(Recorded data)

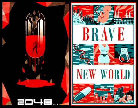 Le Meilleur des mondes, publié près de trois décennies plus tôt, prévoyait un avenir où un contrôle social total aurait été obtenu grâce à un mélange de nivellement culturel, de manipulations génétiques, de drogues récréatives et de liberté sexuelle. Contrairement à cet autre classique de l’anticipation dystopique, 1984 de George Orwell, Le Meilleur des mondes s’est avéré prophétique par sa description d’un monde dans lequel l’adhésion à l’autorité serait obtenue à travers un consumérisme aveugle plutôt qu’imposé à coups de matraque. Comme il l’a écrit dans Retour : « … il est devenu évident que le contrôle des attitudes non conformes par la répression est moins efficace, au bout du compte, que le contrôle par renforcement des attitudes satisfaisantes au moyen de récompenses et que, dans l’ensemble, la terreur en tant que procédé de gouvernement rend moins bien que la manipulation non violente du milieu, des pensées et des sentiments de l’individu. » Dans le monde de sa fable, note-t-il, « le châtiment est peu fréquent et généralement léger », avant d’ajouter «… il semble maintenant que l’avenir a des chances de ressembler au Meilleur des Mondes plutôt qu’à 1984 ».
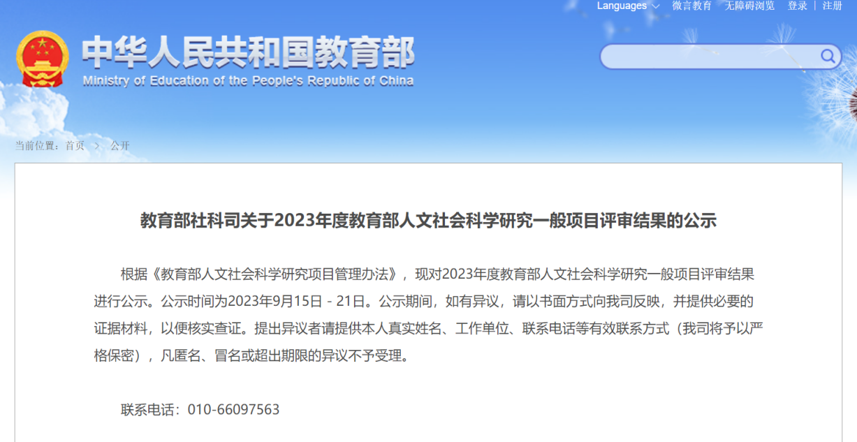 【喜报】我校入围1项教育部人文社会科学研究专项任务项目
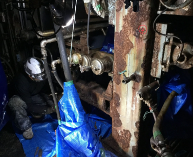 常に水がかかる過酷な環境により、抄紙機の鉄骨フレームに錆と穴が発生していました。将来的な設備撤去の可能性もあり、更新費用を抑えつつも、現時点での稼働を維持するための確実な補修が求められました。
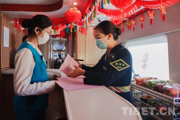 在拉日鐵路上的每一列高原動(dòng)車組列車中,1名列車長,3名乘務(wù)員,要負(fù)責(zé)9節(jié)車廂,755名乘客的乘務(wù)工作。從上車查驗(yàn)車票、行李安全擺放、列車禁煙宣傳,到途中協(xié)助乘客補(bǔ)票、提醒乘客到站信息等,列車乘務(wù)員們幾乎沒有時(shí)間休息。
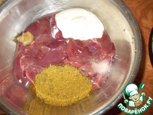 Куриную печень моем, обрезаем прожилки. Добавляем майонез, горчицу, хмели-сунели и соль. У меня хмели-сунели имеет в составе соль, поэтому я дополнительно соли добавляю всего пол чайной ложки без горки. Если у Вас хмели-сунели без соли, то кладите соли больше, чем я.
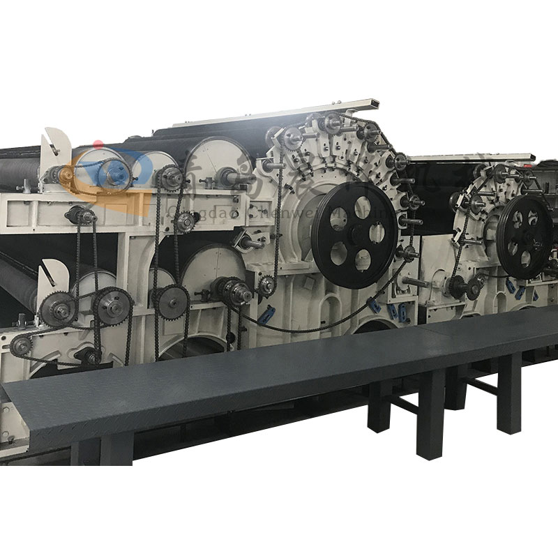 雙錫林梳理機(jī)主要是將前道工序棉網(wǎng)層進(jìn)行單纖維狀態(tài)分散過(guò)程,并且等寬均勻的輸出到鋪網(wǎng)機(jī),雙錫林梳理機(jī)適用于針刺,水刺等短纖維無(wú)紡布生產(chǎn)線(xiàn)核心部位,一般與鋪網(wǎng)機(jī)配合使用,也可以直接鋪網(wǎng)使用。
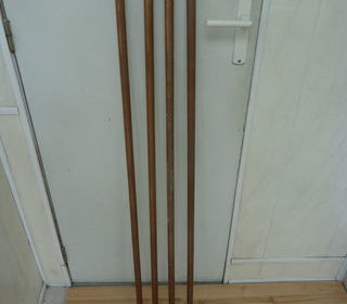 chutes de tuyaux cuivre neuf 4 longueurs de 1.25 m diamètre 22 mm pour installation gaz éventuel 8 colliers atlas avec pattes a vis chevilles 2 coudes équerre cuivre , a soud
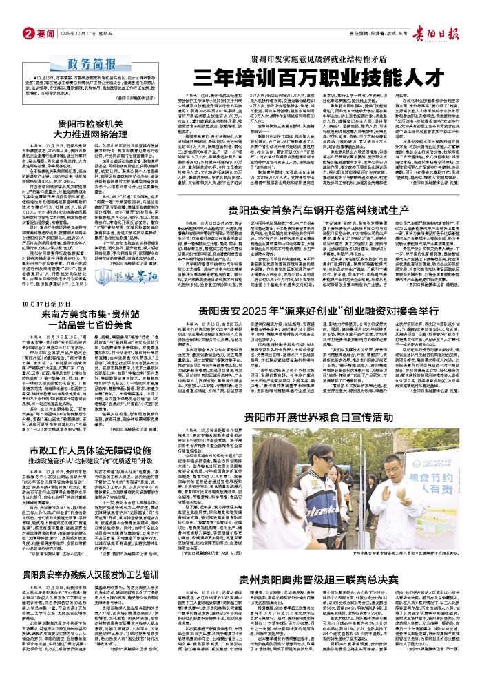 本报讯 10月16日是第45个世界粮食日,贵阳市粮食和物资储备局在贵阳市行政中心西南美食城广场开展2025年世界粮食日暨全国粮食安全宣传周宣传活动。 今年世界粮食日的活动主题为“手拉手

## How to complete this task
Reproduce precisely the lines of the entries above, from the one containing "chutes de tuyaux" through the final one, both ends included, and omit the pictures.

## Your solution
 chutes de tuyaux cuivre neuf 4 longueurs de 1.25 m diamètre 22 mm pour installation gaz éventuel 8 colliers atlas avec pattes a vis chevilles 2 coudes équerre cuivre , a soud
 本报讯 10月16日是第45个世界粮食日,贵阳市粮食和物资储备局在贵阳市行政中心西南美食城广场开展2025年世界粮食日暨全国粮食安全宣传周宣传活动。 今年世界粮食日的活动主题为“手拉手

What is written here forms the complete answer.